▸ Your assignment
Write out only the lines from the top of the listing below through the one with "体育资讯02月28日报道宣称", exactly as they stand, while keeping pictures out of the copy.

═══ Task inputs ═══

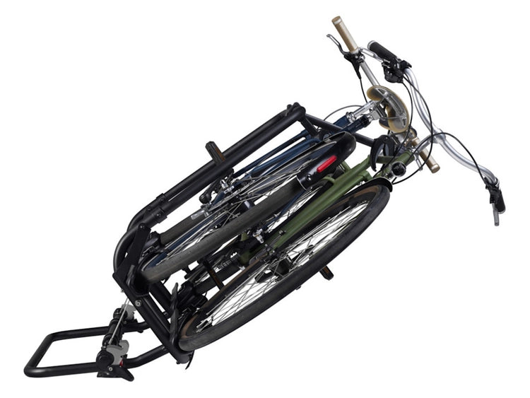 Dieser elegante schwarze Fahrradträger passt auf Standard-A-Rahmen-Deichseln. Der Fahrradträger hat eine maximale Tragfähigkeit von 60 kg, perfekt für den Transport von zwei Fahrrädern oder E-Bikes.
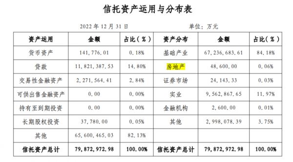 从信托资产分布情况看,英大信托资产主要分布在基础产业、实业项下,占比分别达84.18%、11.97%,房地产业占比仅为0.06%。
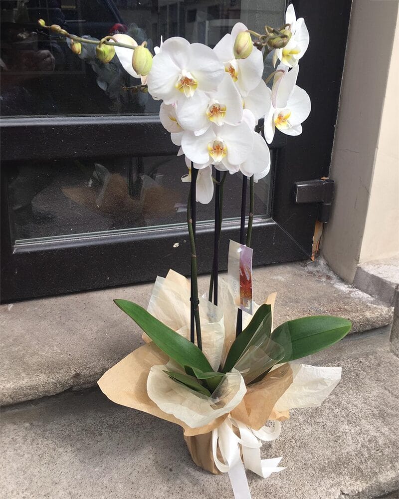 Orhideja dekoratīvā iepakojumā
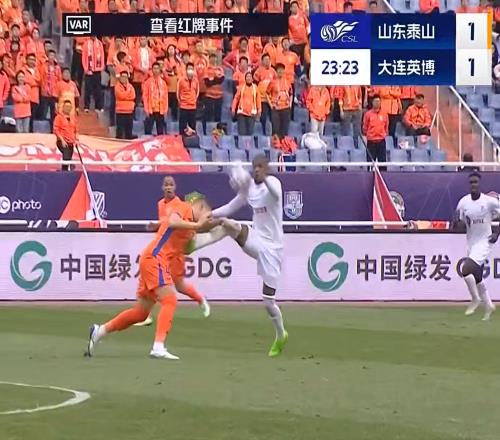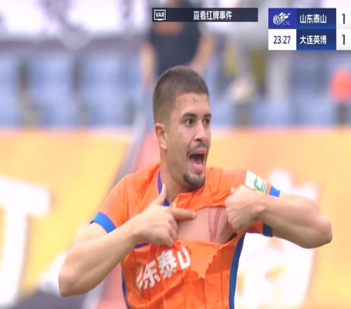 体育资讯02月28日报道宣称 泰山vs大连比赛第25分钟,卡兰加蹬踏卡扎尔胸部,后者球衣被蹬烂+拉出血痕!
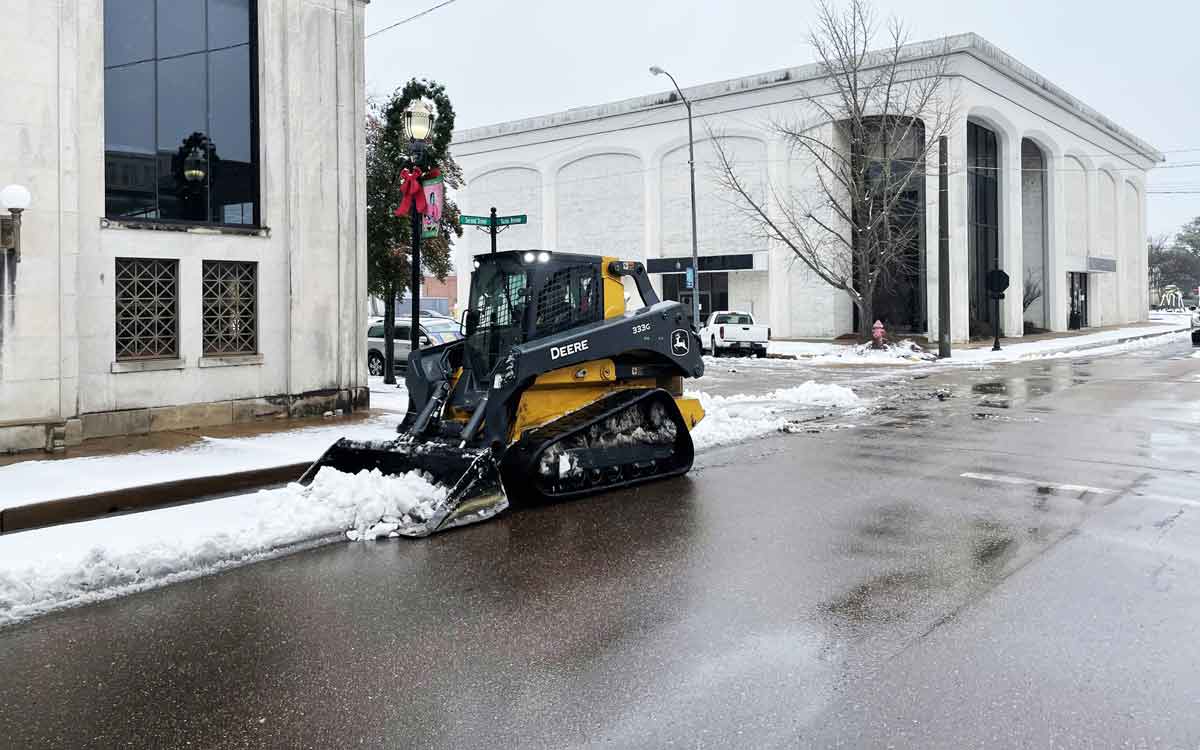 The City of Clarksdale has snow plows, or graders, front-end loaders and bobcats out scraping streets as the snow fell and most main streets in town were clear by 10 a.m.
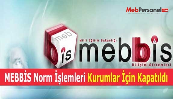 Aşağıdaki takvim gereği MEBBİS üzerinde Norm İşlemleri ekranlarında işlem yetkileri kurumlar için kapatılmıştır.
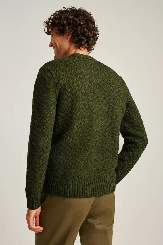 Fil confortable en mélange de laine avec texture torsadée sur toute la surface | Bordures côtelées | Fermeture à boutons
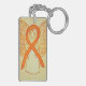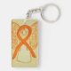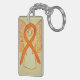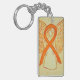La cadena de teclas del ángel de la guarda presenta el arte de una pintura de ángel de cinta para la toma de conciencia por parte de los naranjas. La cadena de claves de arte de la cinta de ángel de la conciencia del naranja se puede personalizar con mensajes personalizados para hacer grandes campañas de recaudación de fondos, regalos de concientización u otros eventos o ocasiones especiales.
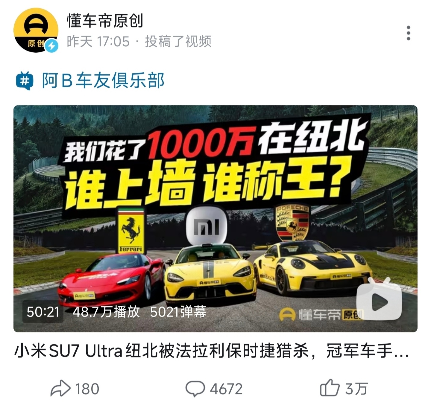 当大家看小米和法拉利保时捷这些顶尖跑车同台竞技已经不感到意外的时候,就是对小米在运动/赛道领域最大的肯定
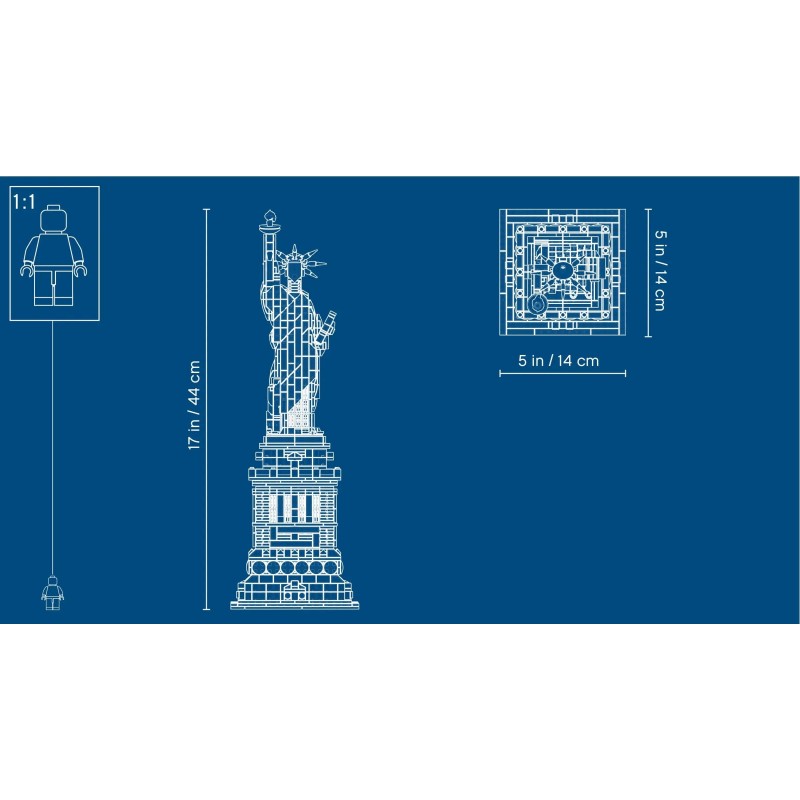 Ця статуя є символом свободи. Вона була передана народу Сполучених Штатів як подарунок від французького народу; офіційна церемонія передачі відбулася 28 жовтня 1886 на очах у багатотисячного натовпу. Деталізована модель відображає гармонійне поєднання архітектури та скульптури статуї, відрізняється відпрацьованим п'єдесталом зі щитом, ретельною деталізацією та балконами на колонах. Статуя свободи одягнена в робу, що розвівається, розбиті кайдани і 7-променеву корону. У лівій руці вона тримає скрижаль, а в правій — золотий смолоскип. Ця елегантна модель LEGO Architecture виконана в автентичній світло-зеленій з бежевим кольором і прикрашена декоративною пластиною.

═══

▸ Output below
 Dieser elegante schwarze Fahrradträger passt auf Standard-A-Rahmen-Deichseln. Der Fahrradträger hat eine maximale Tragfähigkeit von 60 kg, perfekt für den Transport von zwei Fahrrädern oder E-Bikes.
 从信托资产分布情况看,英大信托资产主要分布在基础产业、实业项下,占比分别达84.18%、11.97%,房地产业占比仅为0.06%。
 Orhideja dekoratīvā iepakojumā
 体育资讯02月28日报道宣称 泰山vs大连比赛第25分钟,卡兰加蹬踏卡扎尔胸部,后者球衣被蹬烂+拉出血痕!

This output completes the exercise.